SUPPLIED RECORDS START

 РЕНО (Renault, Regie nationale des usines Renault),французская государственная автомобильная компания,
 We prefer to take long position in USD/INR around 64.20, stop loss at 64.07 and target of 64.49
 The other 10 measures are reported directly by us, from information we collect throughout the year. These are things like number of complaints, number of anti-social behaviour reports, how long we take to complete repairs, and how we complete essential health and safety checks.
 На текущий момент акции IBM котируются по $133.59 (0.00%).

SUPPLIED RECORDS END
SUPPLIED RECORDS START

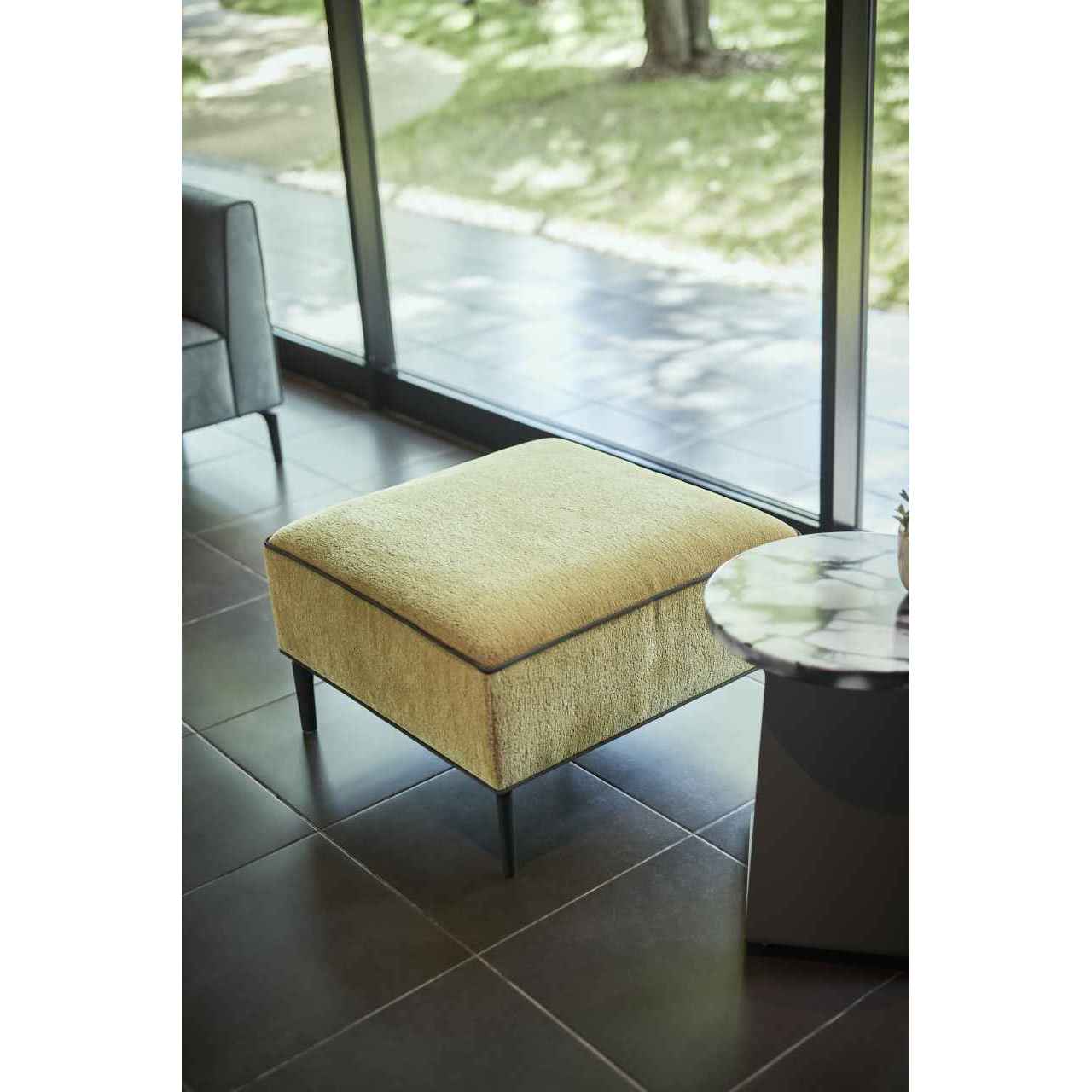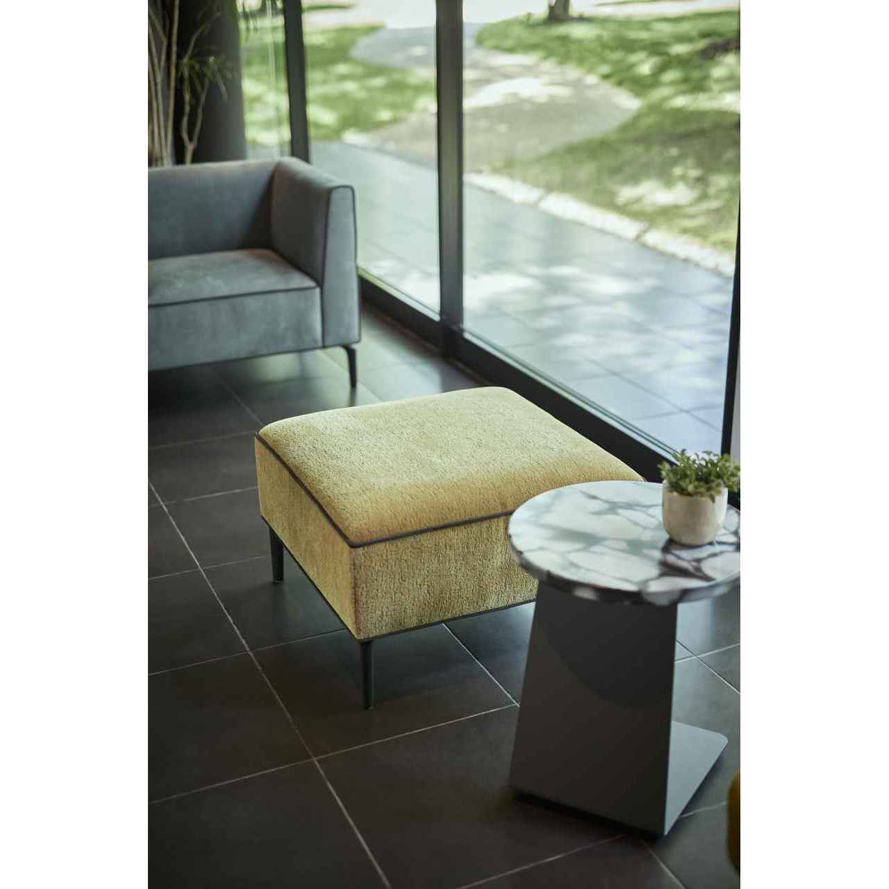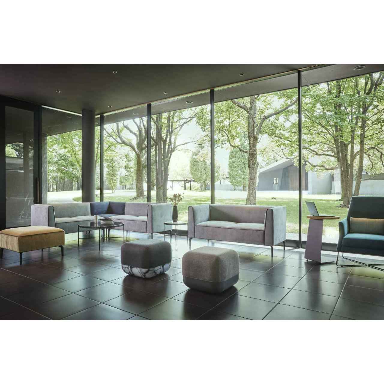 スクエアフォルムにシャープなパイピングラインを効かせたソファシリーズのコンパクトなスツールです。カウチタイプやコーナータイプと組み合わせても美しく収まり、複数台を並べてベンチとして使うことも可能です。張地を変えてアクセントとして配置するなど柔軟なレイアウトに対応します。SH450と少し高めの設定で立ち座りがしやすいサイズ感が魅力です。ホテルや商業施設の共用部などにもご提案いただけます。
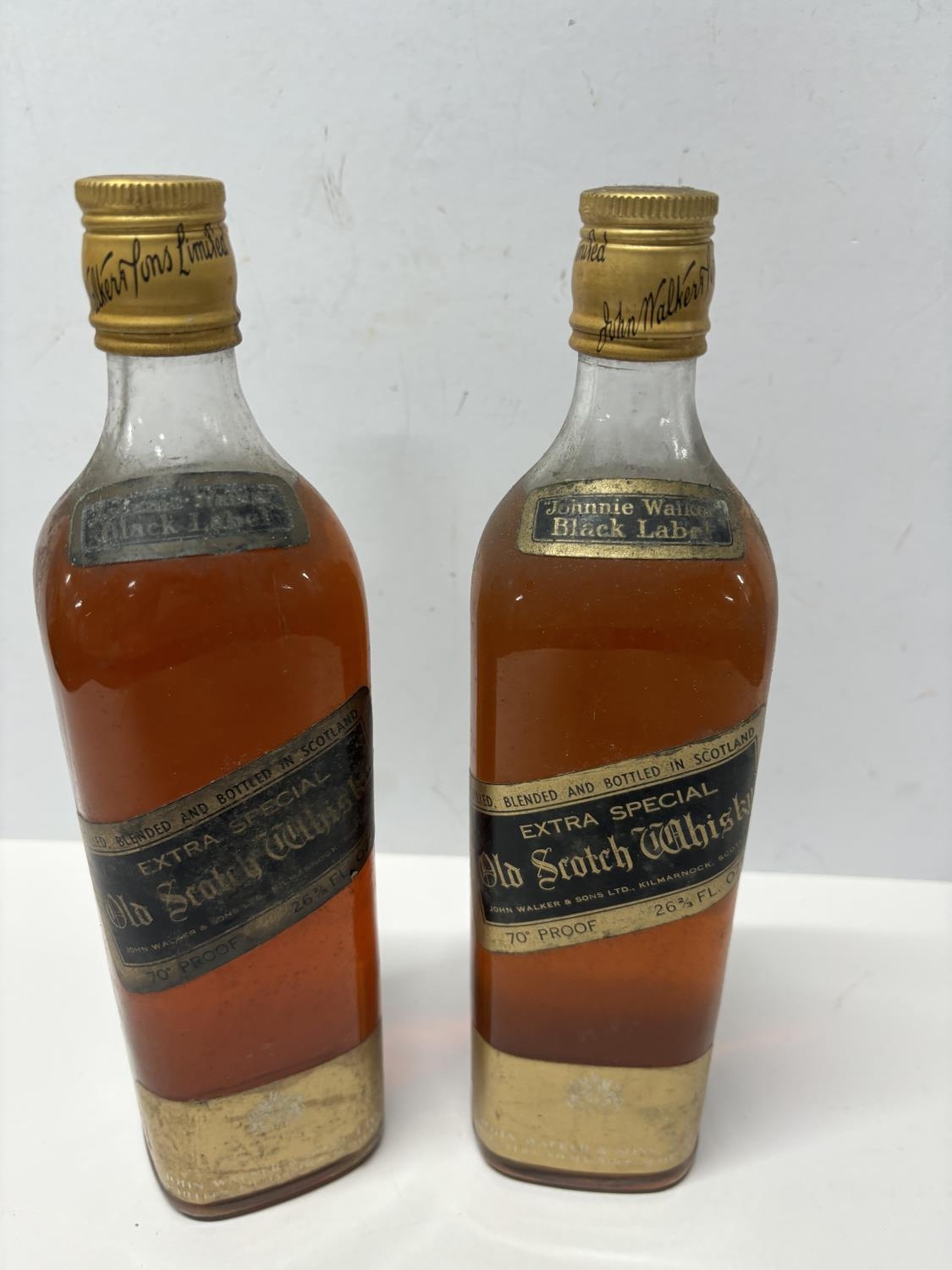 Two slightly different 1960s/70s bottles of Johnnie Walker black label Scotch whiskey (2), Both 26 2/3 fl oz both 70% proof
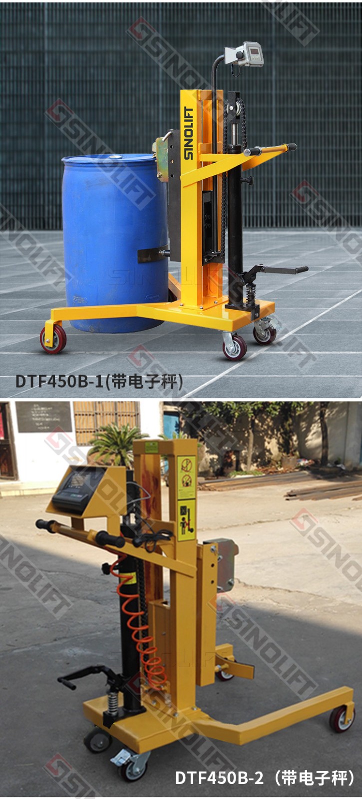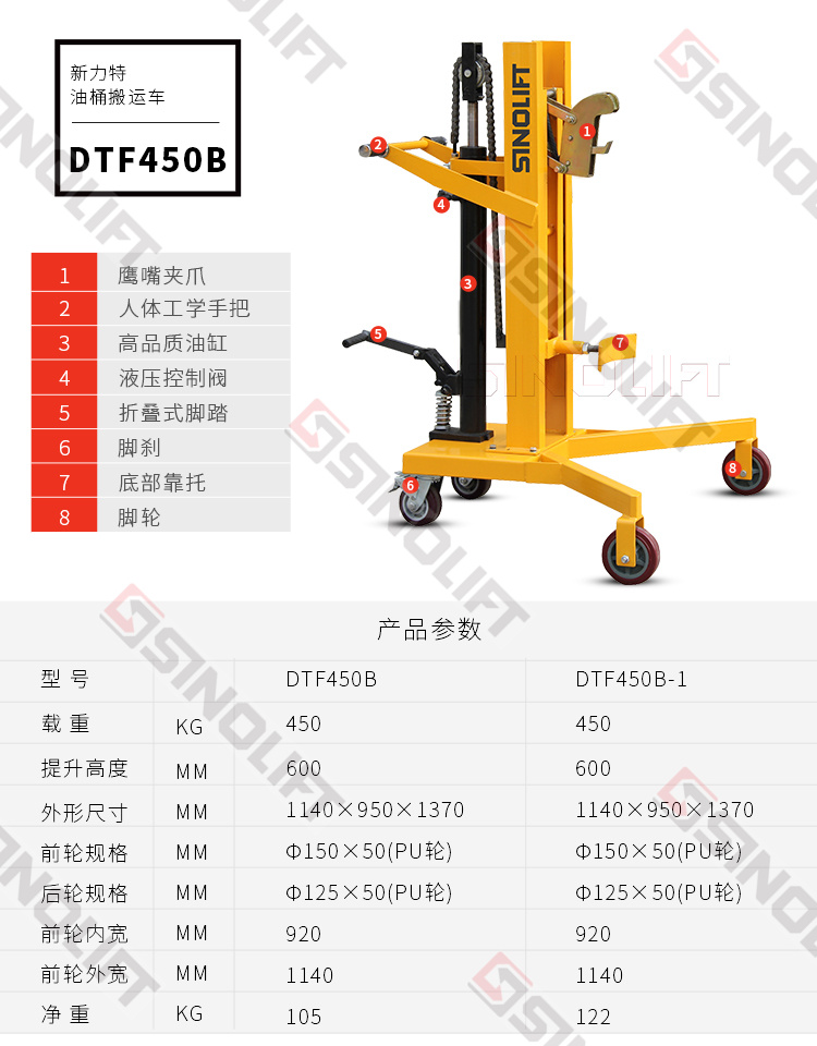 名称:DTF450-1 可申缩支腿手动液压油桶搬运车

SUPPLIED RECORDS END

• **REQUIRED WORK**
From the entries above, return exactly the line containing "РЕНО (Renault, Regie", the line containing "На текущий момент", and all lines between, and nothing else.

• **FINAL ANSWER**
 РЕНО (Renault, Regie nationale des usines Renault),французская государственная автомобильная компания,
 We prefer to take long position in USD/INR around 64.20, stop loss at 64.07 and target of 64.49
 The other 10 measures are reported directly by us, from information we collect throughout the year. These are things like number of complaints, number of anti-social behaviour reports, how long we take to complete repairs, and how we complete essential health and safety checks.
 На текущий момент акции IBM котируются по $133.59 (0.00%).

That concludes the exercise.